Et, en effet, une escouade de gendarmerie à cheval sortait du bois en ce moment. Le brigadier qui commandait n’était pas Chamoiseau.

À quelques pas de l’escouade, les autorités de La Ferté-Macé marchaient en bon ordre.

– Superbe! dit Lecoq, magnifique! complet!

– Mes chers messieurs, reprit-il en s’adressant à Paul Labre et au général, j’ai ouï causer vaguement de ces Habits Noirs. Ce sont d’adroits coquins, à ce qu’il paraît, car on ne les voit pas souvent en cour d’assises. Parlons net, maintenant que nous ne sommes plus seuls, car je ne vous cache pas que l’idée d’un duel nous paraissait aussi absurde qu’à vous, et la chose singulière, c’est que nous avions les mêmes motifs pour cela. Vous avez prononcé les premiers le mot «assassinat», nous le répétons après vous; mais il ne s’agit plus de l’honorable comte de Champmas, dont la santé me paraît parfaite, ni de feu M. Jean Labre, de qui M. le baron d’Arcis a bel et bien hérité, il s’agit d’un meurtre malheureusement certain et actuel, du meurtre de Thérèse Soûlas. Et je voudrais exprimer ma pensée sans blesser le général; mais nous ne nous serions pas attendus à le voir du côté du meurtrier.

Sur le visage de Paul il y avait une pâleur mortelle.
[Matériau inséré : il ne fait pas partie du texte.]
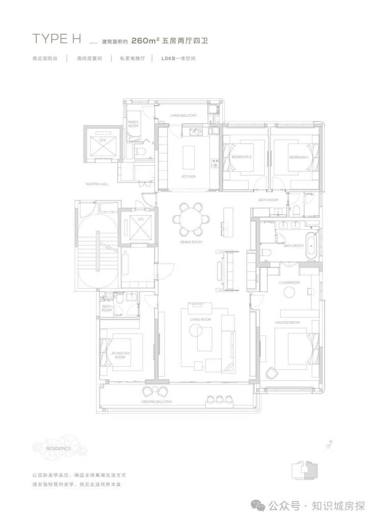【260㎡户型】南北双阳台-南向双套间-私家电梯厅-LDKB一体化

Il voyait le piège ouvert sous ses pas: il sentait la main irrésistible qui l’y poussait.

Il n’avait pas encore prononcé une parole; il dit:

– Ces hommes sont-ils donc vraiment plus forts que la vérité et que la loi!

– Ils font ce qu’ils peuvent, murmura le vieux colonel à l’oreille du prince dont il s’était rapproché. C’est une jolie aventure. As-tu vu, mon bon chéri, comme l’Amitié a été de franc-jeu? Il t’adore!

– Sur Dieu, sur la mémoire de son père, sur tout ce qui est sacré, s’écria en ce moment Paul Labre, révolté contre le mensonge qui l’écrasait, je jure que cet homme a tué Thérèse Soûlas comme il a tué mon bien-aimé frère!

Il y eut autour de lui un grand murmure, car la foule s’était formée.

Les gendarmes, immobiles maintenant, avaient laissé passer l’autorité, à savoir: M. le juge de paix, son greffier et le commissaire de police.

Ces trois fonctionnaires avaient salué le fils de saint Louis avec une sorte de dévotion.